Coast

area where land meets the sea or ocean
(Redirected from Coastline)

A Coast, coastline or seashore is the area where land meets the sea or ocean, or a line that forms the boundary between the land and the ocean or a lake. A precise line that can be called a coastline cannot be determined due to the Coastline paradox. A coastal zone is a region where interaction of the sea and land processes occurs. Both the terms coast and coastal are often used to describe a geographic location or region.

Coast

Quotes edit

  • It is a costly thing living here to fight the erosion. The sea is constantly threatening to cut into the coastline and sweep all this away. Every year we have to haul stones up here to repair the damage and plug the holes. It's a full-time job.
  • The character of our coasts, remarkable in considerable parts of it for admitting no vessels of size to pass near the shores, would entitle us, in reason, to as broad a margin of protected navigation, as any nation whatever. Not proposing, however, at this time, and without a respectful and friendly communication with the Powers interested in this navigation, to fix on a distance to which we may ultimately insist on the right of protection, the President gives instructions to the officers, acting under this authority, to consider those heretofore given them as restrained for the present to the distance of one sea-league, or three geographical miles from the sea-shore. This distance can admit of no opposition as it is recognized by treaties between some of the Powers with whom we are connected in commerce and navigation, and is as little or less than is claimed by any of them on their own coasts.
    • Thomas Jefferson, secretary of state, letter to the French Minister, Edmond Charles Genêt, November 8, 1793.—The Writings of Thomas Jefferson, ed.

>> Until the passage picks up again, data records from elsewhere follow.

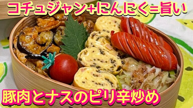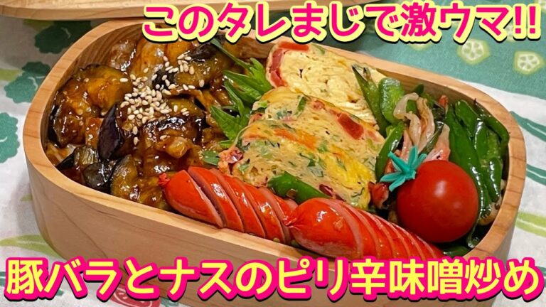 【お弁当】このタレを覚えとくと間違いない‼️👍豚バラとナスのピリ辛味噌炒め🍱
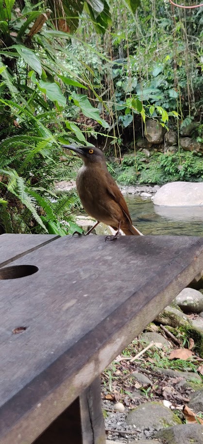 La route grimpe dans la montagne pour se rendre aux chutes et la route est étroite. Au croisement avec un bus, notre petite Fiat Picanto a eu du mal à redémarrer. Nous nous sommes donc arrêtés sur le chemin de la deuxième chute du Carbet pour faire une petite marche au niveau du grand étang de le temps de refroidir la voiture.
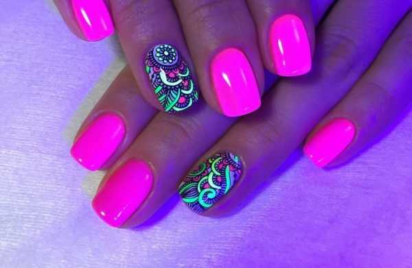 Все яркие оттенки роскошно светятся под лучами неоновой лампы и понравятся девушкам-подросткам, которые любят ночные дискотеки, вечеринки. Это прекрасный вариант для отпускного летнего маникюра. На пляже возле моря с таким дизайном ногтей вы будете выглядеть вполне уместно.
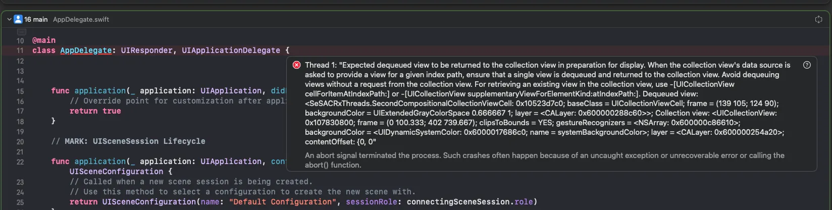 스레드 1: "디스플레이를 준비하기 위해 컬렉션 뷰로 반환될 것으로 예상되는 대기열에서 제거된 뷰. 컬렉션 뷰의 데이터 소스가 주어진 인덱스 경로에 대한 뷰를 제공하도록 요청받는 경우 단일 뷰가 대기열에서 제거되어 컬렉션 뷰로 반환되는지 확인하십시오. 컬렉션 뷰에서 요청하지 않고 뷰를 대기열에서 제거하지 마십시오. 컬렉션 뷰에서 기존 뷰를 검색하려면 -[UICollectionView cellForItemAtIndexPath:] 또는 -[UICollectionView supplementaryViewForElementKind:atIndexPath:]를 사용하십시오.
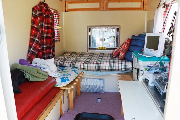 室内にはベッドや作業用の机が設置され、広くはないが過ごしやすそう。工具などを収める棚も作り付けられている
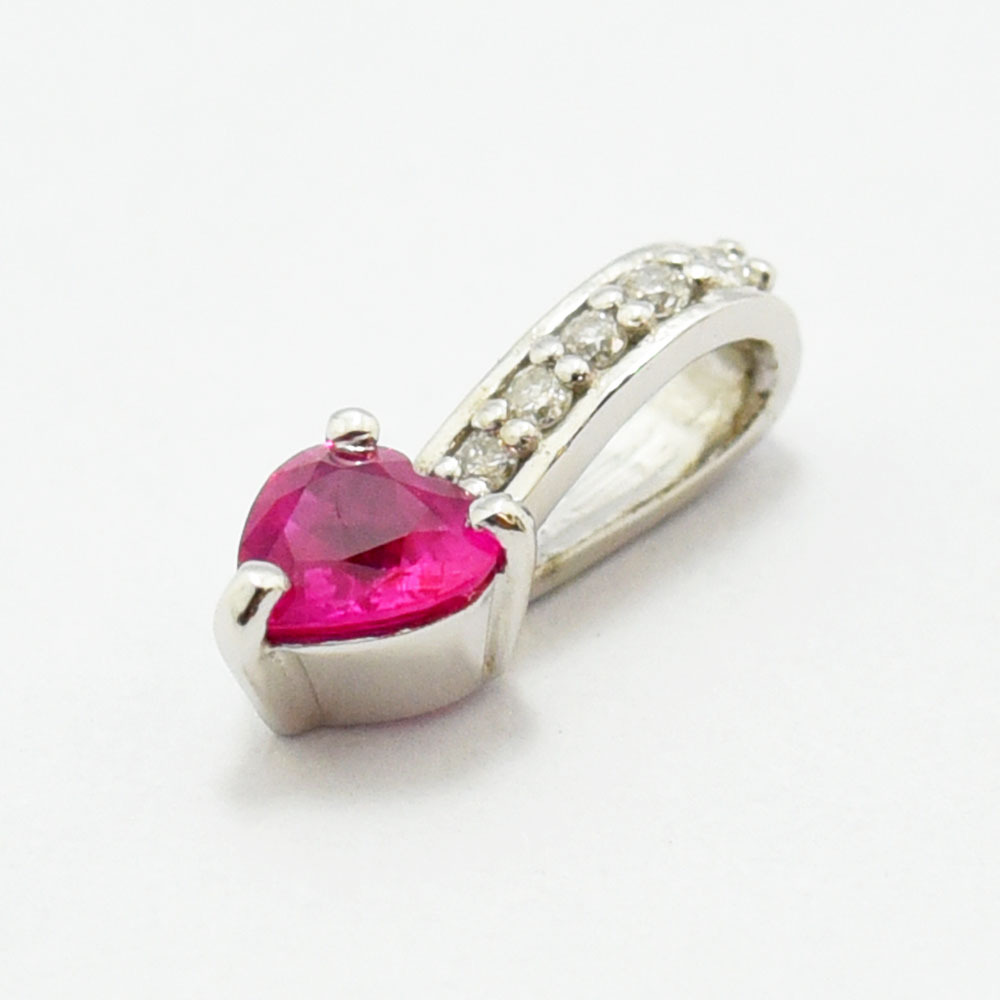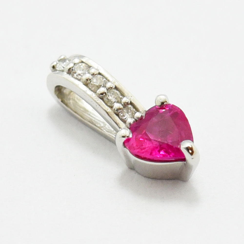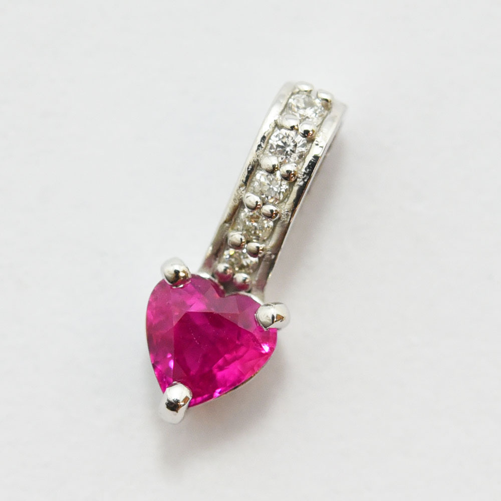 | ルビーにダイヤモンドが煌めきを添える、小ぶりで華やかなペンダントトップです。展示や保管による微細なキズがございます。 |
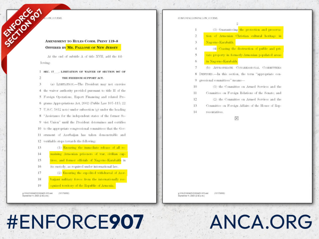 Amendment 1097, authored by Congressman Frank Pallone (D-NJ), places strict limits on the President’s authority to waive Section 907 of the FREEDOM Support Act, which restricts U.S. aid to Azerbaijan. Under the proposed language, any future waiver would require concrete Azerbaijani action – including the release of Armenian prisoners, a full military withdrawal from Armenian territory, and guarantees for the protection of Armenian religious and cultural heritage sites. This amendment responds directly to Azerbaijan’s role in the genocidal ethnic cleansing of Artsakh and its continued attacks on Armenia’s sovereignty.

Paul L. Ford, vol. 6, p. 440–41 (1895).
  • The brilliance of Midwestern California, the California that is founded upon discontent, and the reason why so much technological innovation springs from the West Coast, is that having confronted the finitude of the coastline, technologists in Silicon Valley have shrunk the needed commodity—the future (thousands of miles of Zen pathway)—to the size of a fleck of gold dust, to a microchip.
  • A story I will tell you of the salty fisherman,
    Of all the little rivers and inlets of the coast,
    He seems to like Pender Harbour to bum around the most.
  • Growing up in such a stunning landscape is inevitably going to have an effect on you, whether you rebel or whether you embrace, because it's so striking. I lived on this rugged, rugged coastline with the North Sea hammering at the cliffs, and the weather changes literally every half hour. My parents met as rock climbers, so they're absolute outdoors fiends, and we were constantly up hills and under canvas and camping and tramping around. They're very fond memories and something I still love to do.
    • KT Tunstall, Barnes & Noble Interview with David Sprague (February 2006).